Your assignment - Repeat the listing that follows exactly. Pictures are not part of the copy.

Records for this exercise -
'''

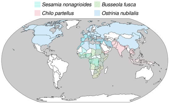Distribution map of Chilo partellus, Busseola fusca, Sesamia nonagrioides and Ostrinia nubilalis. The map shows the countries where the presence of each species has been recorded in the literature, based on records gathered by the Centre for Agricultural Bioscience International shared under license CC BY-NC-SA 3.0 [45]. There are overlaps between the four distribution ranges, shown by the superposition of colors, particularly in Africa, where S. nonagrioides, B. fusca and C. partellus are found.
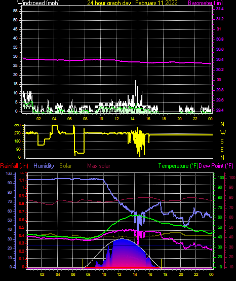 Maximum windspeed = 17.3 mph from 110°(ESE) on day 28 at time 18:01
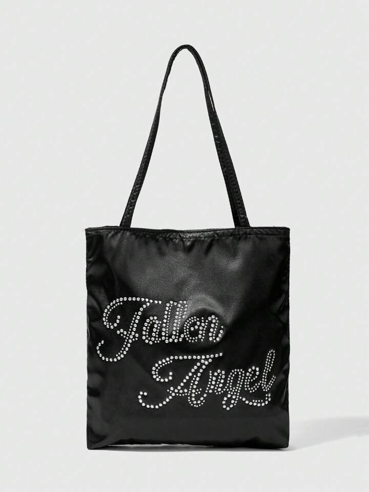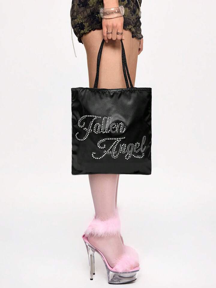 Kawaii 1 pieza Bolso de tela de raso negro para mujer con patrón de ángel caído de rhinestone
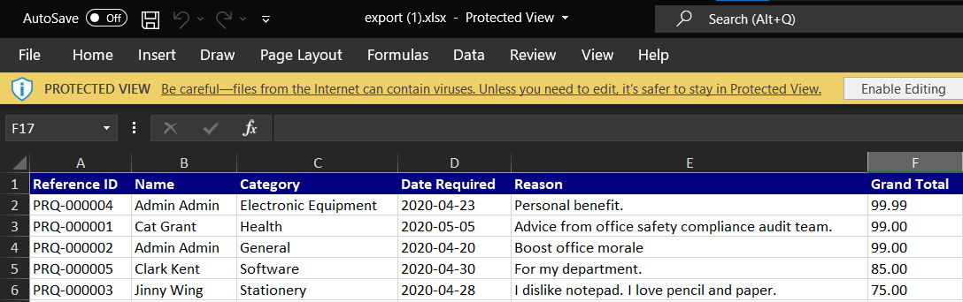 Here is a sample screenshot to show how it looks like in Excel and PDF
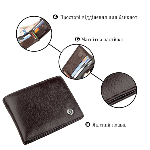 - чоловічий гаманець з натуральної шкіри на магніті;
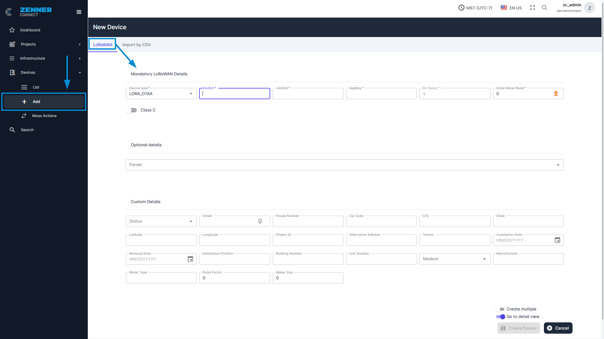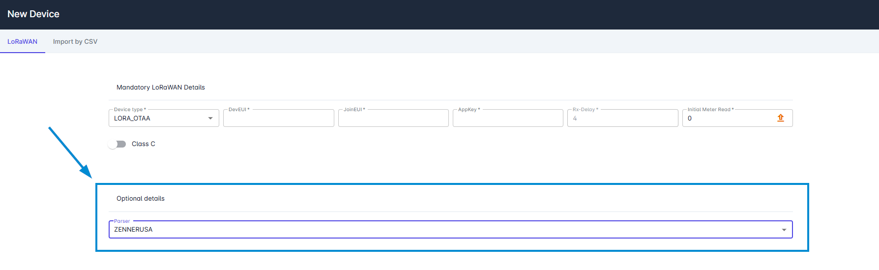 Parser | The parser is selected here, for ZENNER & UDC Devices it must be ZENNERUSA |
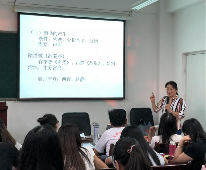 2019年7月1日、2日,应beat365官网邀请,江苏师范大学beat365官网网页版乔秋颖教授在盛乐校区学院楼A313为研究生讲授《音韵学》课程。乔教授师承著名语言学专家李开、鲁国尧先生,在古音学领域造诣颇深,成果丰硕。beat365官网中国古典文献学、汉语言文字学等专业的研究生幸聆教诲,其他专业的学生也慕名而来,授课现场座无虚席。授课过程中,乔秋颖教授与同学们频频互动,讲解由浅入深,系统而清晰。在乔老师的引导之下,令人闻而生畏的音韵学课程变得易而可亲,并与学生的实际研究需求很好地结合起来。两天的教学活动紧张而充实,乔老师授课用心尽力,学生们学习热情极高。通过此次学习,大家对音韵学有了初步的、直观的了解,为日后深入系统的学习奠定了坚实的基础。
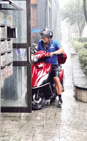 1 7月20日,合肥老城区突降大雨,一位快递小哥被淋得浑身湿透,仍在冒雨投送。 ■ 祝亮
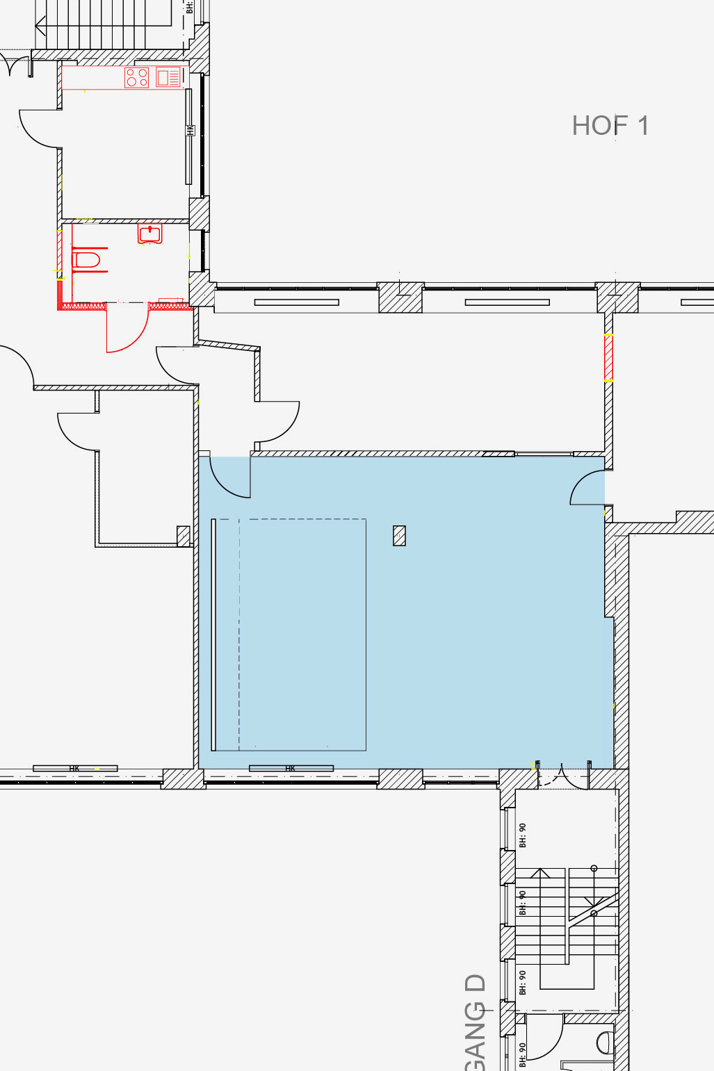 Achtung: Die Einheit wird in den nächsten Jahren noch einmal umgebaut und ein Teil der Grundfläche abgetrennt. Die zukünftige Grundfläche wird nach dem Umbau ca. 60 m² betragen.
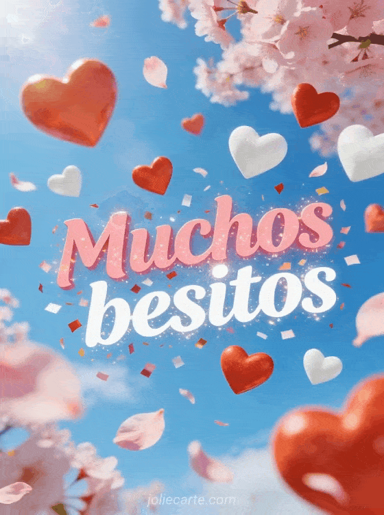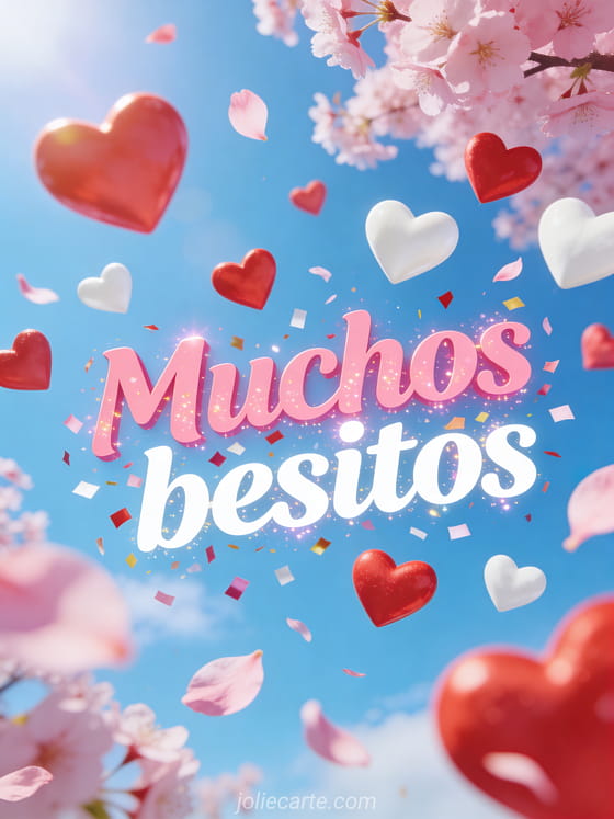 Envía muchos besitos con esta alegre tarjeta llena de corazones rosas y pétalos de cerezo girando en un cielo de primavera. Descubre también besitos bien mojados o dibujo chica besitos.
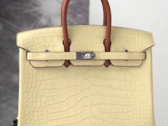 Hermès(爱马仕)Birkin 25cm Alligator matt 雾面鳄鱼 Y1香草色拼马鞍皮金棕色 银扣 顶级手缝 定制
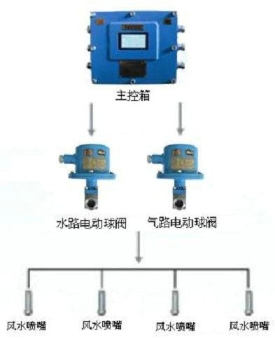 當(dāng)傳感器探測到控制信號時,信號送入主控箱,主控箱先后控制高壓風(fēng)閥、高壓水閥開啟,將高壓風(fēng)、高壓水輸送到風(fēng)水噴頭(即氣水噴頭)進行噴霧降塵(風(fēng)水噴頭可對風(fēng)水壓力大小進行調(diào)整),噴霧工作至延時時間(延時可調(diào))停止噴霧降塵;當(dāng)信號再次觸發(fā)時,進行下一個工作循環(huán)過程。

'''

Written answer -
Distribution map of Chilo partellus, Busseola fusca, Sesamia nonagrioides and Ostrinia nubilalis. The map shows the countries where the presence of each species has been recorded in the literature, based on records gathered by the Centre for Agricultural Bioscience International shared under license CC BY-NC-SA 3.0 [45]. There are overlaps between the four distribution ranges, shown by the superposition of colors, particularly in Africa, where S. nonagrioides, B. fusca and C. partellus are found.
 Maximum windspeed = 17.3 mph from 110°(ESE) on day 28 at time 18:01
 Kawaii 1 pieza Bolso de tela de raso negro para mujer con patrón de ángel caído de rhinestone
 Here is a sample screenshot to show how it looks like in Excel and PDF
 - чоловічий гаманець з натуральної шкіри на магніті;
 Parser | The parser is selected here, for ZENNER & UDC Devices it must be ZENNERUSA |
 2019年7月1日、2日,应beat365官网邀请,江苏师范大学beat365官网网页版乔秋颖教授在盛乐校区学院楼A313为研究生讲授《音韵学》课程。乔教授师承著名语言学专家李开、鲁国尧先生,在古音学领域造诣颇深,成果丰硕。beat365官网中国古典文献学、汉语言文字学等专业的研究生幸聆教诲,其他专业的学生也慕名而来,授课现场座无虚席。授课过程中,乔秋颖教授与同学们频频互动,讲解由浅入深,系统而清晰。在乔老师的引导之下,令人闻而生畏的音韵学课程变得易而可亲,并与学生的实际研究需求很好地结合起来。两天的教学活动紧张而充实,乔老师授课用心尽力,学生们学习热情极高。通过此次学习,大家对音韵学有了初步的、直观的了解,为日后深入系统的学习奠定了坚实的基础。
 1 7月20日,合肥老城区突降大雨,一位快递小哥被淋得浑身湿透,仍在冒雨投送。 ■ 祝亮
 Achtung: Die Einheit wird in den nächsten Jahren noch einmal umgebaut und ein Teil der Grundfläche abgetrennt. Die zukünftige Grundfläche wird nach dem Umbau ca. 60 m² betragen.
 Envía muchos besitos con esta alegre tarjeta llena de corazones rosas y pétalos de cerezo girando en un cielo de primavera. Descubre también besitos bien mojados o dibujo chica besitos.
 Hermès(爱马仕)Birkin 25cm Alligator matt 雾面鳄鱼 Y1香草色拼马鞍皮金棕色 银扣 顶级手缝 定制
 當(dāng)傳感器探測到控制信號時,信號送入主控箱,主控箱先后控制高壓風(fēng)閥、高壓水閥開啟,將高壓風(fēng)、高壓水輸送到風(fēng)水噴頭(即氣水噴頭)進行噴霧降塵(風(fēng)水噴頭可對風(fēng)水壓力大小進行調(diào)整),噴霧工作至延時時間(延時可調(diào))停止噴霧降塵;當(dāng)信號再次觸發(fā)時,進行下一個工作循環(huán)過程。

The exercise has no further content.